Boxplot of difference by neighborhood
ggplot(homeprice, aes(x = as.factor(neighborhood), y = diff)) +
geom_boxplot(fill = "lightgreen") +
labs(
title = "Sales Price Minus Listing Price by Neighborhood",
x = "Neighborhood Rank (1 = Poor, 5 = Rich)",
y = "Sale - List Price (in $1000s)"
)
Et voilà! Interestingly, from the boxplot, we can see that homes in poorer neighborhoods (rank 1) tend to sell well above their listing price, with a median difference of over 20,000 dollars. This could suggest that sellers are underpricing homes…or that these areas experience higher-than-expected demand.

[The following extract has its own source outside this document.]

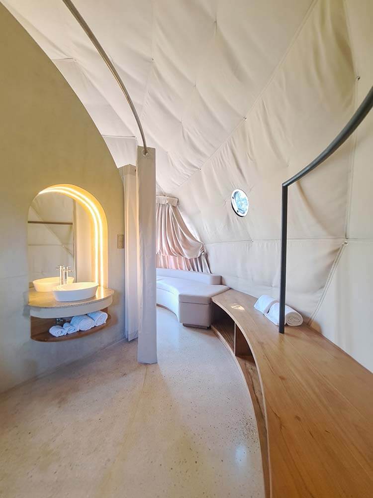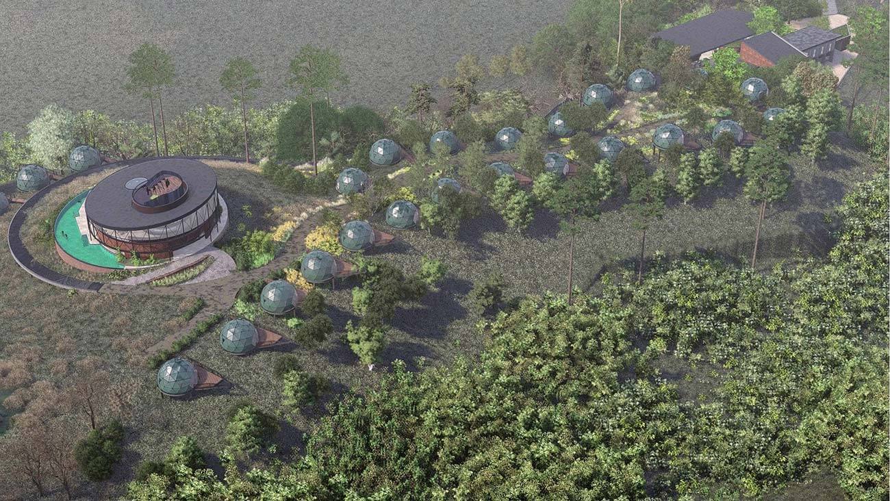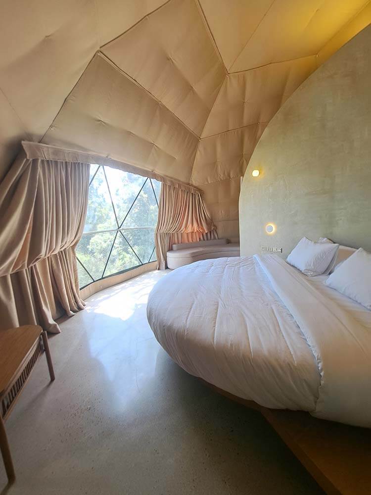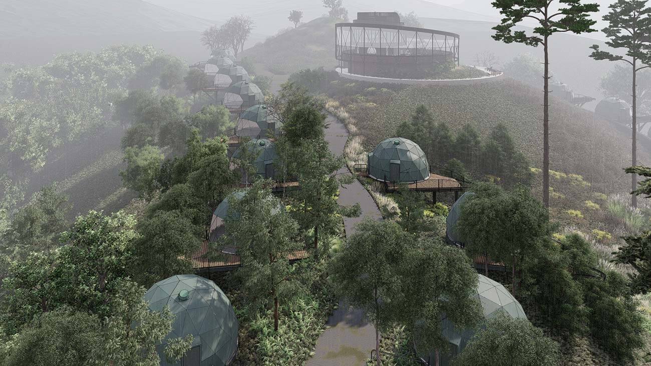 The design draws inspiration from a luxury glamping ethos, with prefabricated dome villas scattered across the hillside in harmony with the terrain. Each dome is strategically positioned and thoughtfully separated by lush greenery and natural vegetation, ensuring utmost privacy and an intimate connection with the surrounding landscape. The geometric forms of the domes, with their smooth curves and clean lines, complement the rolling contours of the land, creating a seamless balance between contemporary living and the raw, untouched beauty of the outdoors. This deliberate arrangement allows guests to enjoy a private sanctuary while still being enveloped by the sights, sounds, and scents of Haputale’s unique ecosystem.

In contrast, homes in the wealthiest neighborhoods (rank 5) often sell below their listing price, with a median shortfall around 15,000–20,000 dollars. This may reflect overambitious pricing or less competitive pressure in high-end markets. Neighborhoods ranked 2–4 show differences closer to zero, suggesting more balanced or accurate pricing overall.
Thank you for taking the time to read my final report. Ta ta!